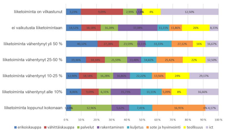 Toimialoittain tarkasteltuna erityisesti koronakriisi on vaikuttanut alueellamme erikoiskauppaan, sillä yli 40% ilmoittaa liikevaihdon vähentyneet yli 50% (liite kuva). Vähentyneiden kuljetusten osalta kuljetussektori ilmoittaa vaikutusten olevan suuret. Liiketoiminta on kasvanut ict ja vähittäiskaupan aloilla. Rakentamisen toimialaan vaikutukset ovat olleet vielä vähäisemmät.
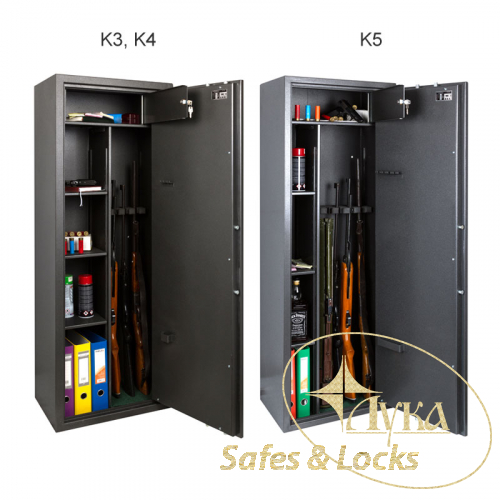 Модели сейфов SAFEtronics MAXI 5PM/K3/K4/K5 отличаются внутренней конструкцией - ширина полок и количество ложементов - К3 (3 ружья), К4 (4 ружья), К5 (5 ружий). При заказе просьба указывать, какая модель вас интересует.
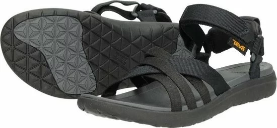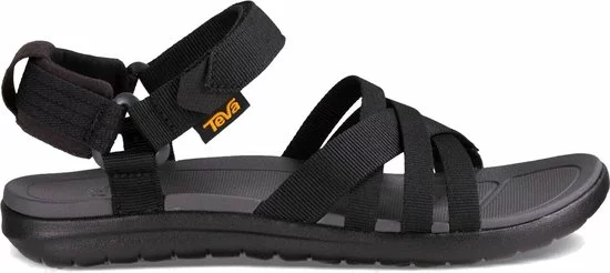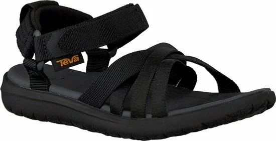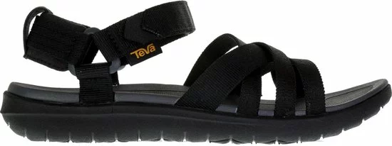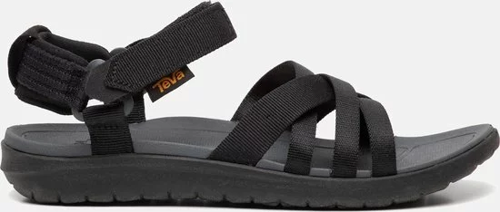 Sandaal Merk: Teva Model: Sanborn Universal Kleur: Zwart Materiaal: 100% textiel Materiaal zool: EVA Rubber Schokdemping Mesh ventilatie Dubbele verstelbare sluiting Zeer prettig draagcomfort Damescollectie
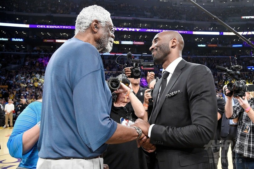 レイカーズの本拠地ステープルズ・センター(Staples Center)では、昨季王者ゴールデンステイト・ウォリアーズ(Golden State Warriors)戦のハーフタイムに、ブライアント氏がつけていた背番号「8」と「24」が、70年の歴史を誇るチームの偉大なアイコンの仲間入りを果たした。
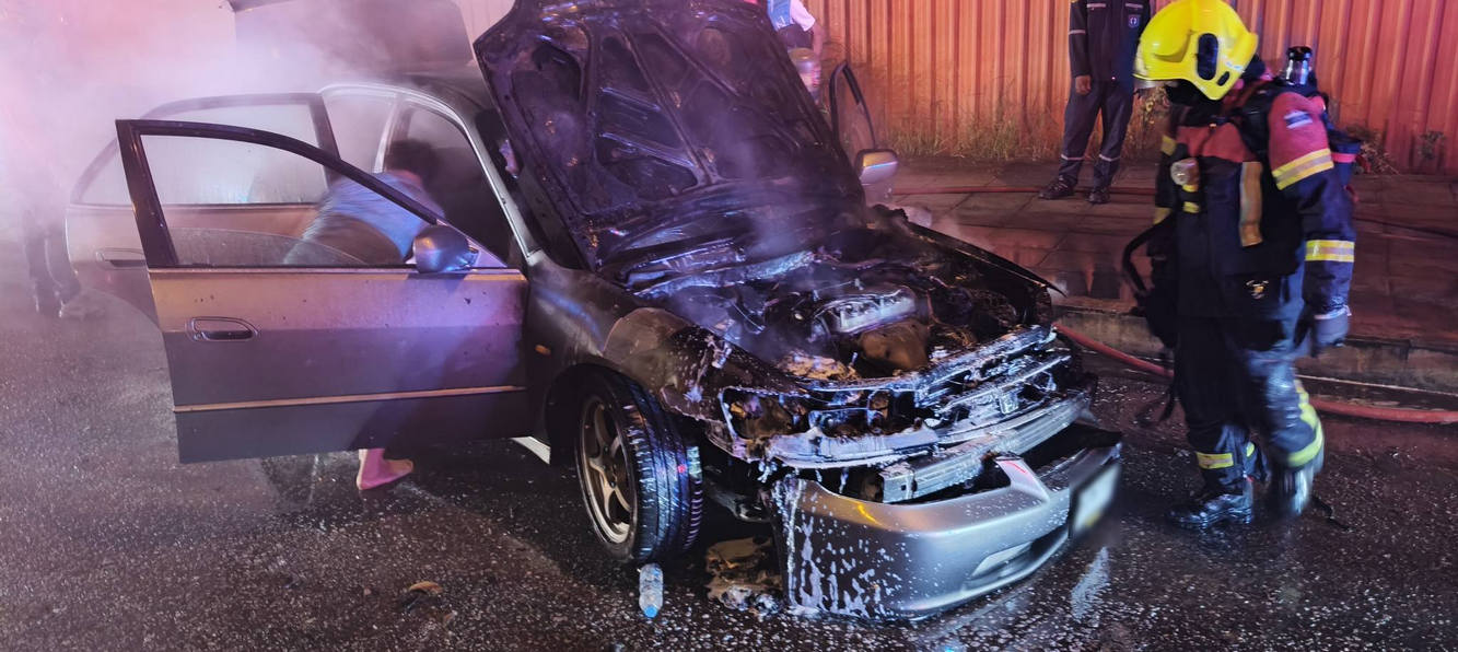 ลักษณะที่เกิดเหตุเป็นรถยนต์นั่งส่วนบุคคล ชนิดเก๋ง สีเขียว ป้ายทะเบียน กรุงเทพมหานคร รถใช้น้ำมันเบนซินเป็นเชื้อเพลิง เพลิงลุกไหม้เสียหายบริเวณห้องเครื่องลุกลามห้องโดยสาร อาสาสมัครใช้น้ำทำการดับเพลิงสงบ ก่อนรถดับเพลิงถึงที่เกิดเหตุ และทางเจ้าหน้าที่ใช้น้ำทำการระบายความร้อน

-----

Give back the lines word for word, from the very first in the material above to the one that has "Модели сейфов SAFEtronics", both included, without the pictures.

 Toimialoittain tarkasteltuna erityisesti koronakriisi on vaikuttanut alueellamme erikoiskauppaan, sillä yli 40% ilmoittaa liikevaihdon vähentyneet yli 50% (liite kuva). Vähentyneiden kuljetusten osalta kuljetussektori ilmoittaa vaikutusten olevan suuret. Liiketoiminta on kasvanut ict ja vähittäiskaupan aloilla. Rakentamisen toimialaan vaikutukset ovat olleet vielä vähäisemmät.
 Модели сейфов SAFEtronics MAXI 5PM/K3/K4/K5 отличаются внутренней конструкцией - ширина полок и количество ложементов - К3 (3 ружья), К4 (4 ружья), К5 (5 ружий). При заказе просьба указывать, какая модель вас интересует.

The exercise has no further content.